Last Thursday was an important day for me. Well, it was Thursday night/Friday morning. But I connected with new people in a way that I haven't in a very long time. Plus, I got to be part of an open mic crew that warmed-up the crowd for Mike McGee, and then later just hang-out and have some down-to-earth conversations with him and some friends . . . new friends! Do you know how long it has been since Heather and I have made new friends? Not simply aquaintances, but friends? Too long.

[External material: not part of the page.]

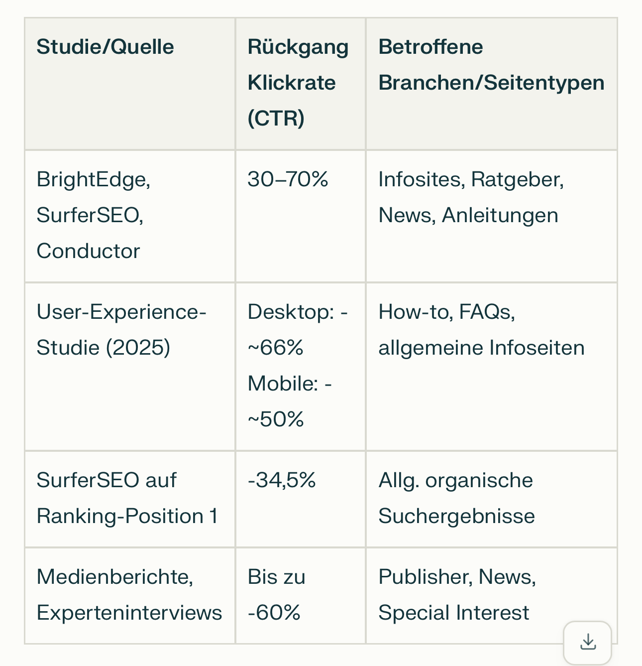 Website-Traffic sinkt im Durchschnitt um 30–70%, wenn KI-Zusammenfassungen für eine Suchanfrage angezeigt werden. Der Einbruch hängt stark vom jeweiligen Suchbegriff und der Absicht der Nutzer ab[1][2][3][4].

And then on Friday I wrote more than I've written in weeks, at least as far starting and crafting is concerned. I wrote a full poem on Monday, but I felt like I was forcing myself. Friday was a day of writing inspiration. I laid down on the couch while Heather cooked dinner (I felt like an asshole for not helping her, but I was crashing hard and needed a power nap. I'm definately sick with something, I just hope I haven't gotten Heather's Mono), and I couldn't fully fall asleep. On that edge of sleep, I heard lines rise up into my mind. Some ran together, forming stanzas, even pages. Some stood alone, singularly representing somethings that I would create from them. I couldn't rouse myself enough to put it all down, but after dinner I sat and tried to draw them out of me again. I'm pleased with what I got, but I wish I had retained more. I just try to remind myself that God is faithful in a multitude of ways, and the missed lines will return.

And then last night Heather and I had amazing sex. It was what goodbye sex should be, even though it is only goodbye for a week.
She is going to Yale for a week to do research for her master's thesis. The writer she is studying is so obscure that she has to go to where he taught 90 years ago in order to find more than half of his work. But, she truly believes that William Henry Bishop is an author who has, for the most part, fallen through the cracks of history, and is a very important author of his time. I love to see her so excited over this. Especially since she is going to have to work her ass off.

. . .

We also recieved an anonymous $300 in the mail. We feel awkard about it, but we really freaking need it. It came with the Blue Day Book, a silly but cute book, with great pictures, about cheering yourself up.

So many people have been generous to us. God is keeping us afloat from moment to moment, one little bit at a time. I suppose that's the way it always is, but we but don't realize it when we think we have so much, and simply take our lives for granted.